А вот жена его, та действительно сдала. Но Федор Христофорович этого даже не замечал. Она как будто растворялась в обстановке квартиры и обнаруживала себя, только когда был готов обед или требовались деньги, чтобы купить продуктов или заплатить за квартиру, всякий раз вызывая у мужа недоумение. Метаморфозы, происшедшие с Федором Христофоровичем после рождения Глеба, выбивали ее из привычной колеи. Убедившись в том, — что соперницы нет, она и вовсе растерялась. Уж лучше бы она была. Тогда можно было бы хоть ревновать. Это пусть и мучительно, но понятно. Ревновать же мужа к собственному сыну она не смела и в конце концов оказалась в полном одиночестве. И только во время еды она обретала какое-то душевное равновесие. Она все чаще прибегала к этому последнему средству и стала катастрофически тучнеть. Вскоре у нее появилась одышка и еще много других болезней, как подлинных, так и мнимых. Чтобы избавиться от них, она все время пила лекарства, сначала только такие, какие ей выписывал врач, а потом и разные другие, все, которые можно было купить в аптеке без рецепта или выклянчить у соседок. Соседки охотно снабжали ее средствами от всевозможных болезней. Они рады были услужить ей и как будто соревновались в том, кто даст более сильное лекарство. Это ее в конце концов и погубило. Однажды, когда Федор Христофорович и Глеб отправились на свою обязательную рыбалку, она выпила тройную дозу лекарств, легла в постель и уснула, чтобы уже никогда не проснуться. Врачи установили, что смерть наступила вследствие сильной лекарственной интоксикации.
Мать умерла, когда Глебу исполнилось семнадцать лет, и он перешел в десятый класс. Но настоящая жизнь ее кончилась гораздо раньше, может быть, даже тогда, когда она родила сына. По роковому стечению обстоятельств, оказавшись всюду лишней, она прожила еще семнадцать лет. Однако трудно назвать эти годы жизнью. Ветка, посаженная в бутылку с водой, может зеленеть довольно долго, выпускать корни и даже давать новые побеги, но дерево в бутылке все равно не вырастет.

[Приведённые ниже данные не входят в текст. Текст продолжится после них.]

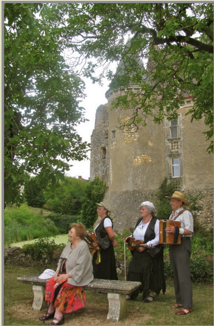
A nouveau, aubade devant le château entouré d'arbres centenaires.

Для отца и сына ее уход из жизни остался как бы незамеченным. Нет, они не были ни холодными, ни жестокими. Они жалели ее и заботились о ней как могли. Видя, что ей трудно вести домашнее хозяйство, они охотно, чуть ли не с радостью, взвалили на себя этот груз. Федор Христофорович научился довольно прилично готовить, а Глеб закупал в магазинах продукты, сначала по списку, а потом и вовсе самостоятельно. Так она лишилась своей последней роли, но никаких страданий по этому поводу уже не испытывала. Ведь человеку, у которого сломана кость, не до ссадин на коже.

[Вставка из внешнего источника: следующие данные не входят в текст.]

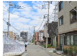
日吉4丁目・綱島街道沿いにある

出身地である菊名・妙蓮寺や大倉山、そして現在も在住する日吉近郊での企業や人的ネットワークもさらに広がっているとのことで、「地域の身近な相談所として、ぜひお気軽にお立ち寄りください」と、「いざ」という際にも、自身や事務所を“頼れる”事務所としての発展を志していく考えです。
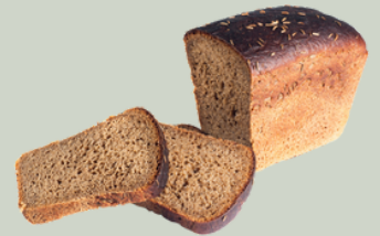
Pão de forma
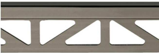
pro-part graphite matt
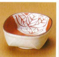
12917-237 赤絵木の葉小付 700円 200人 (7.9×3.8cm)
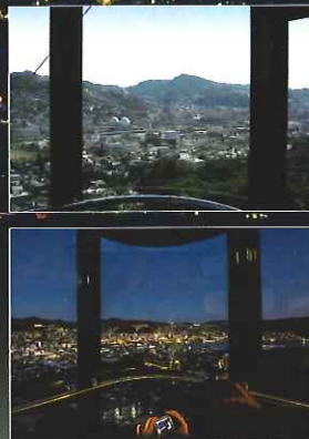
ゴンドラからの眺め(昼と夜)
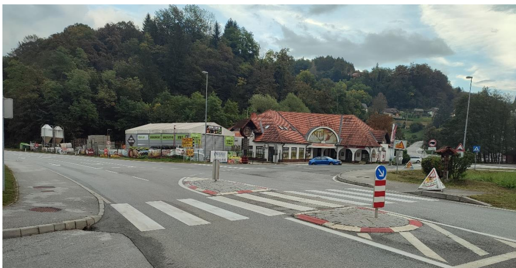
Slika 8: Prehod čez cesto v križišču proti šoli
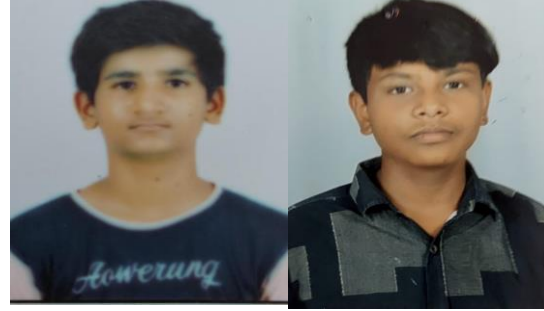
યશ ધંધૂકીયા નૈતિક શાહ રમત ગમત કેપ્ટન

Отец и сын, как положено, оплакали свою потерю, погоревали, повздыхали и побежали дальше. Глебу нужно было готовиться к выпускным экзаменам, а потом и поступать в институт. Федор Христофорович советовал ему идти в Бауманский.
Особыми способностями Глеб не отличался, но отец научил его работать. И он скоро усвоил, что благодаря регулярным и серьезным занятиям можно многого добиться в жизни: Школу он кончил без троек и поступил в институт. Отцу, как он ни пытался, так и не удалось передать ему свою любовь к трансмиссиям и рычагам. Зато Глеб хорошо понимал, что не может стать ни певцом, ни художником, а это уже немало.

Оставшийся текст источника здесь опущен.